Tale “patologia” viene definita “Disturbo d’Identità di Genere” e, qualora diagnostica, viene proposto (anche se nella maggior parte dei casi è il paziente stesso che lo richiede) il cambio di sesso, in quanto di patologico c’è il forte disagio psichico che si prova per la discordanza tra l’identità di genere percepita e quella del corpo: esattamente come un tumore che deve essere asportato nonostante sia parte integrante del malato.  

Una persona con un disturbo d’identità di genere dovrà attraversare tre d’identità:

  • Quella attuale, dove non accetta il proprio corpo, in quanto distante dalla propria identità sessuale;
  • Quella del transessualismo, ossia una fase di passaggio dove l’individuo mette in atto il cambiamento fisico;
  • Quella del cambio di sesso definitivo con il riconoscimento dell’identità desiderata: un uomo che cambia sesso, dopo una fase di transessualismo, potrà definirsi donna (e non transessuale per tutta la vita come si crede) e viceversa per le donne.

Da ciò si desume che il transessualismo e l’omosessualità sono simili tra loro soltanto per la discriminazione subita dalla società, ma è bene specificare che un transessuale non è un omosessuale che decide di cambiare sesso, bensì una persona, ad esempio maschile, che, poiché si sente di essere donna è ovviamente attratta dagli uomini, a differenza dell’omosessuale uomo che è attratto da altri uomini e si sente di appartenere al genere maschile.

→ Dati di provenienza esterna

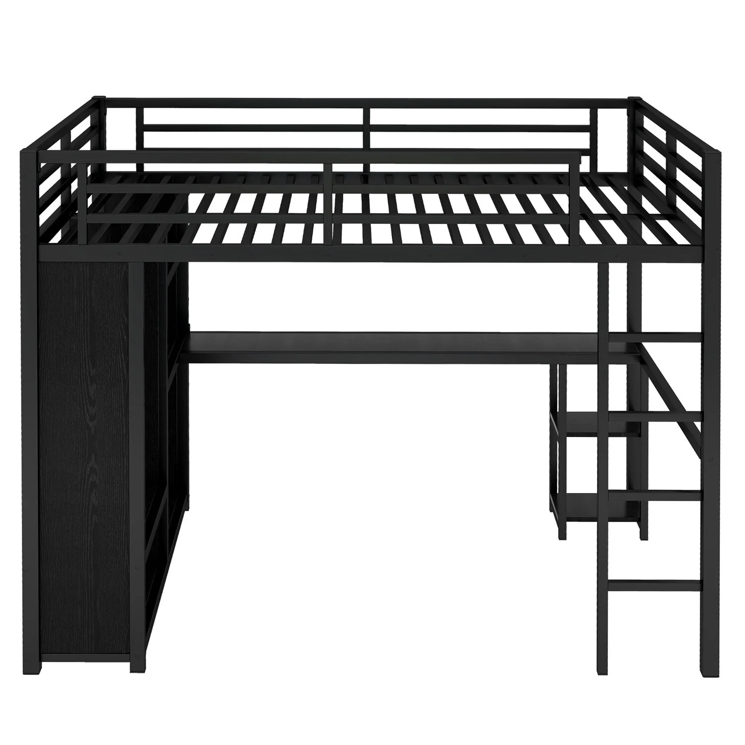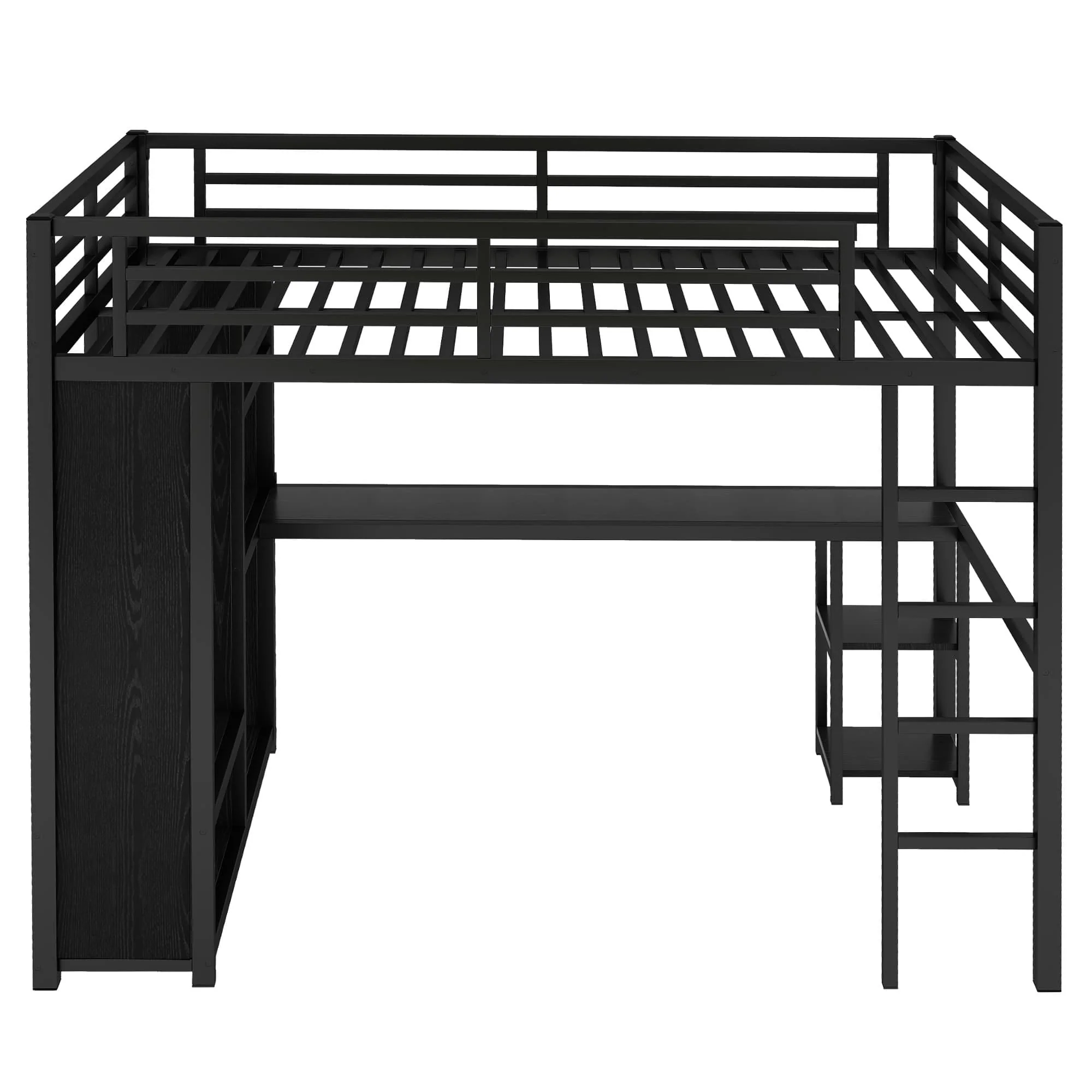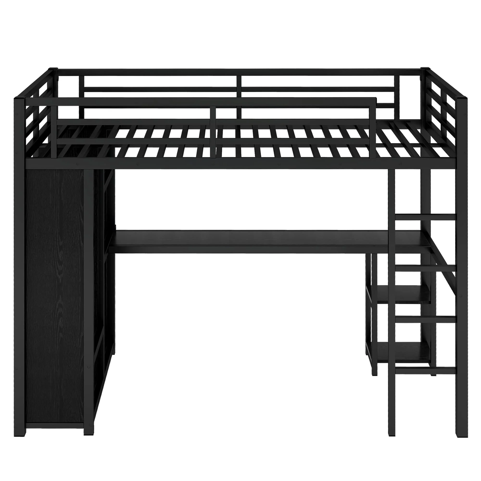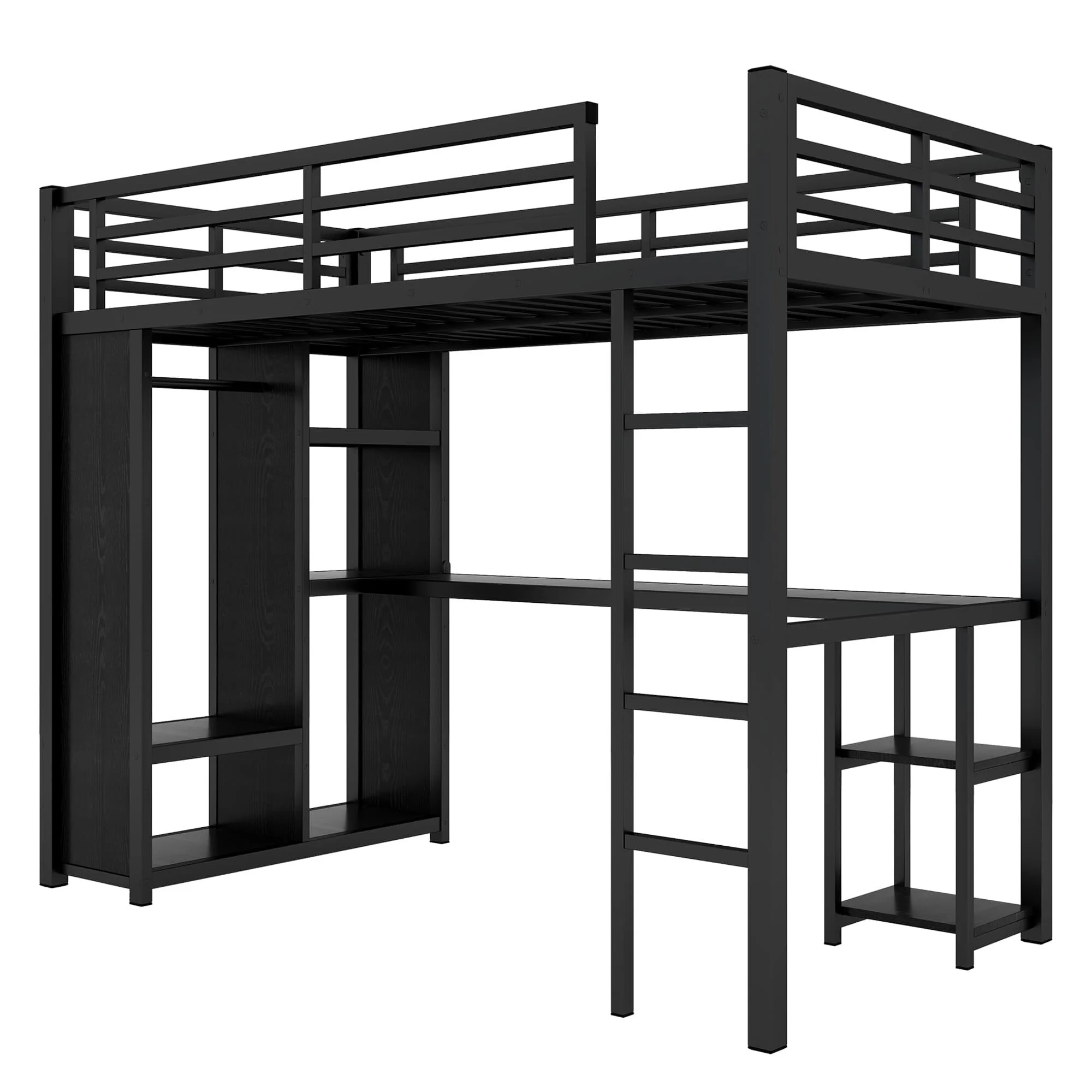 Black Metal Loft Bed Frame with Built-in Wardrobe, Desk and Shelves

Vari studi sono ormai arrivati alla conclusione che, nonostante la presenza di fattori psicosociali che possono contribuire allo sviluppo di tale disturbo, vi sia una forte componente biologioca – genetica. Ciò permette alla persona che desidera cambiare sesso di tutelarsi dai tentativi di terapia volte al fine di “convincere l’individuo ad accettare l’identità sessuale del proprio corpo”. Il reale scopo della psicoterapia, obbligatoria per chiunque decida di cambiare sesso, è, invece, accompagnare la persona nell’affrontare le modificazioni corporee invasive che dovrà subire e sostenerlo nel conseguente cambio di identità psichica. Quest’ultimo è un momento molto delicato, poiché come ogni fase di passaggio, è opportuno che la persona accetti le nuove parti di sé volta per volta sia a livello fisico che psichico, prima di accedere ad un ulteriore cambiamento.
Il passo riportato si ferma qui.